<<<<

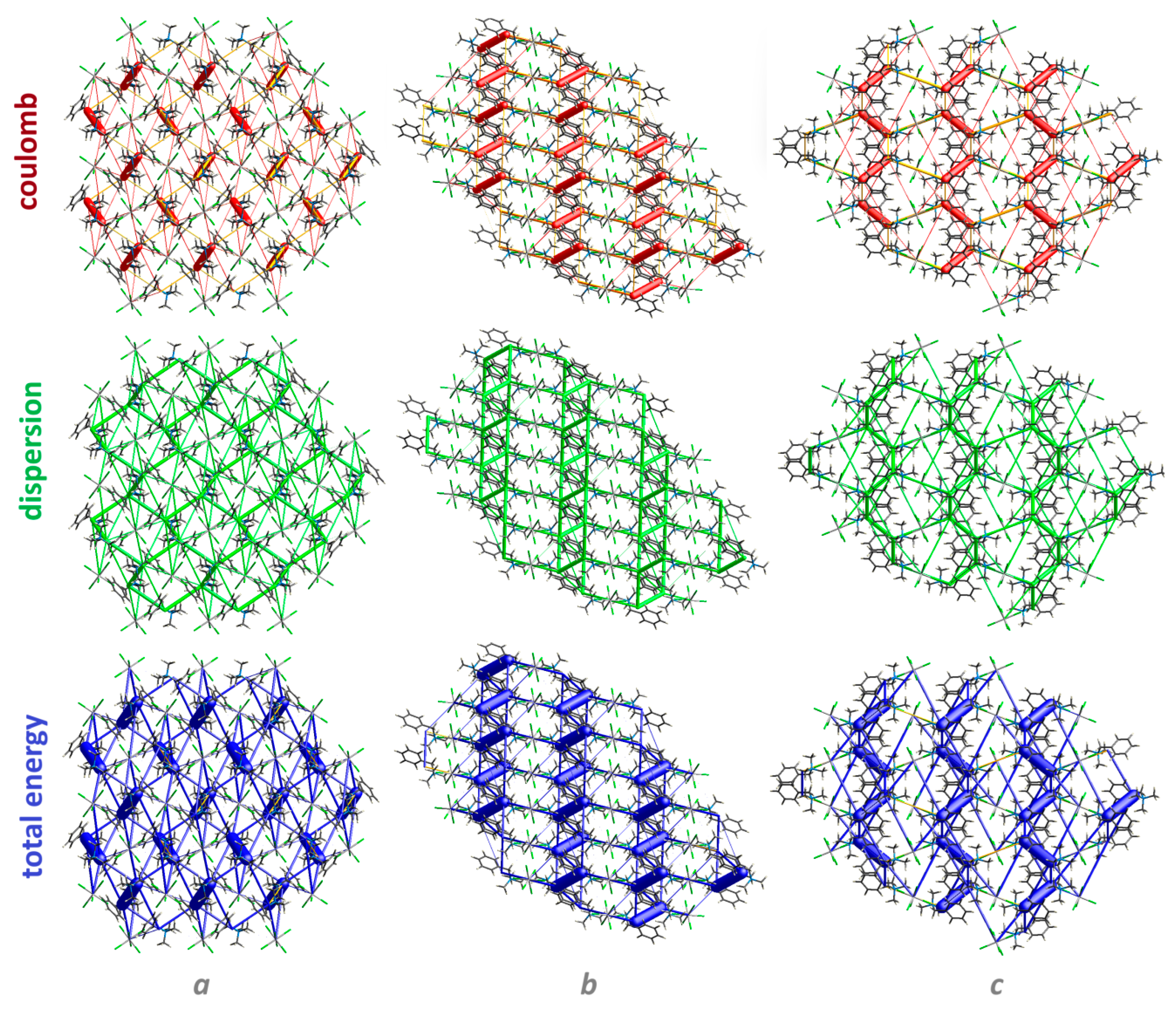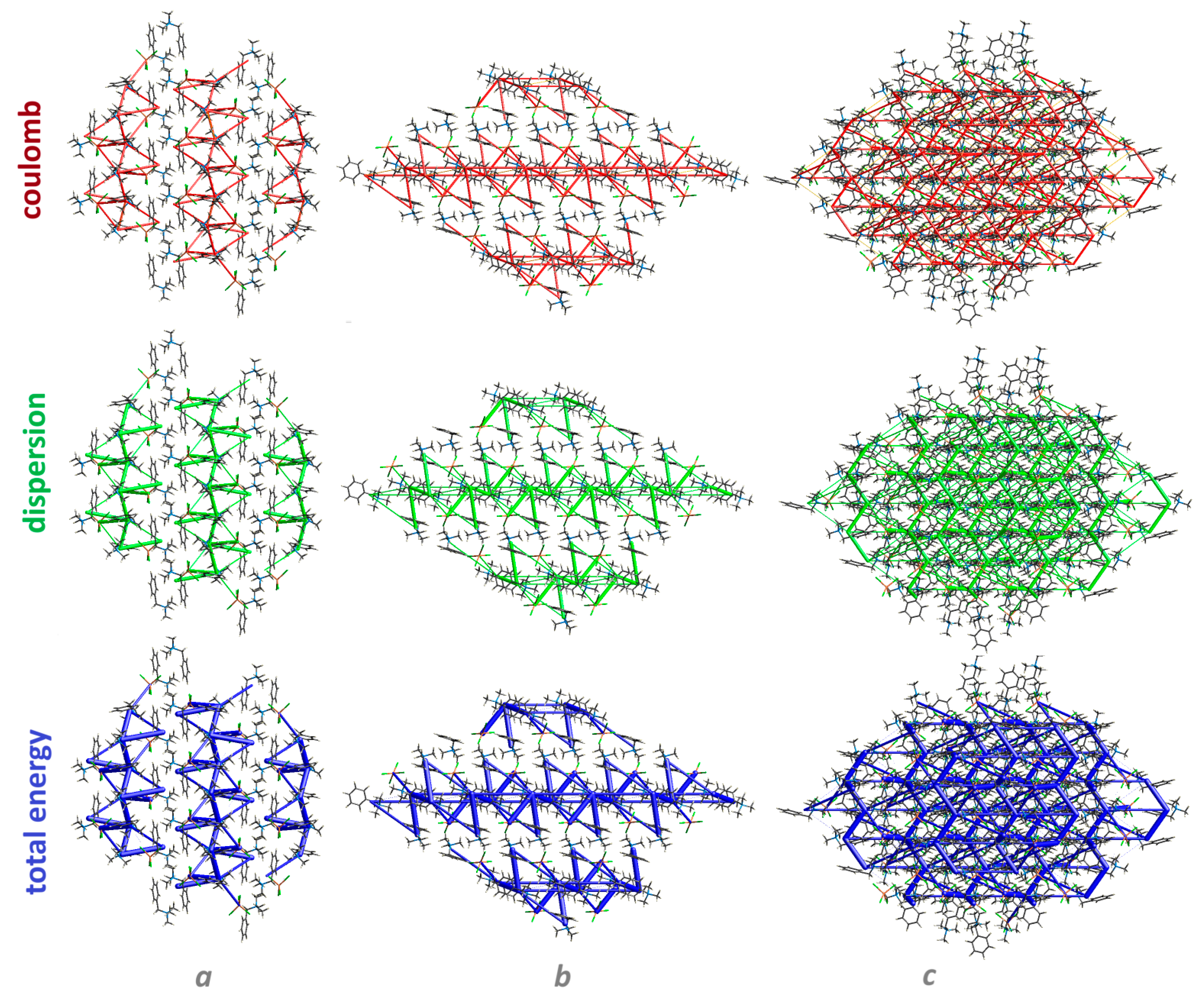 - Mackenzie, C.F.; Spackman, P.R.; Jayatilaka, D.; Spackman, M.A. CrystalExplorer model energies and energy frameworks: Extension to metal coordination compounds, organic salts, solvates and open-shell systems. IUCrJ 2017, 4, 575–587. [Google Scholar] [CrossRef]
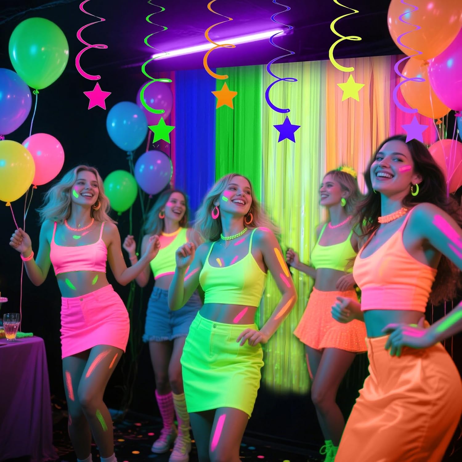 • Multi-Use Function and Occasions: These glow in the dark decorations suitable for blacklight party, rainbow party, neon party, fluorescent parties, disco bachelorette party, birthday party, euphoria party, carnival, dance party, wedding, holiday carnivals, graduations, pride month decorations, anniversaries, retirement, banquets, holiday celebrations, Halloween, Christmas, school events or occasion that blacklight party is required. Glow in the dark streamers for parties to make your party perfect and fun. Your guest will love them and take photo with them.
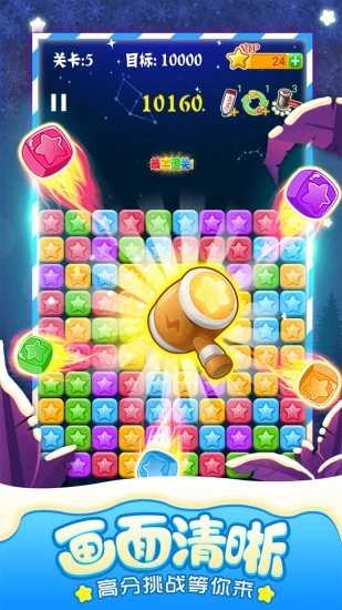 3、更有增加消除难度的完美消除玩法一萌星解谜,关卡内星星摆放成各种不同的可爱造型,造型虽可爱想要消除却需要玩家开动脑筋

>>>>

> _What is required_:
Your output should be only the lines from the line with "photo with them." through the end of the data, exactly as they stand, and no pictures.

> _Exercise output_:
 • Multi-Use Function and Occasions: These glow in the dark decorations suitable for blacklight party, rainbow party, neon party, fluorescent parties, disco bachelorette party, birthday party, euphoria party, carnival, dance party, wedding, holiday carnivals, graduations, pride month decorations, anniversaries, retirement, banquets, holiday celebrations, Halloween, Christmas, school events or occasion that blacklight party is required. Glow in the dark streamers for parties to make your party perfect and fun. Your guest will love them and take photo with them.
 3、更有增加消除难度的完美消除玩法一萌星解谜,关卡内星星摆放成各种不同的可爱造型,造型虽可爱想要消除却需要玩家开动脑筋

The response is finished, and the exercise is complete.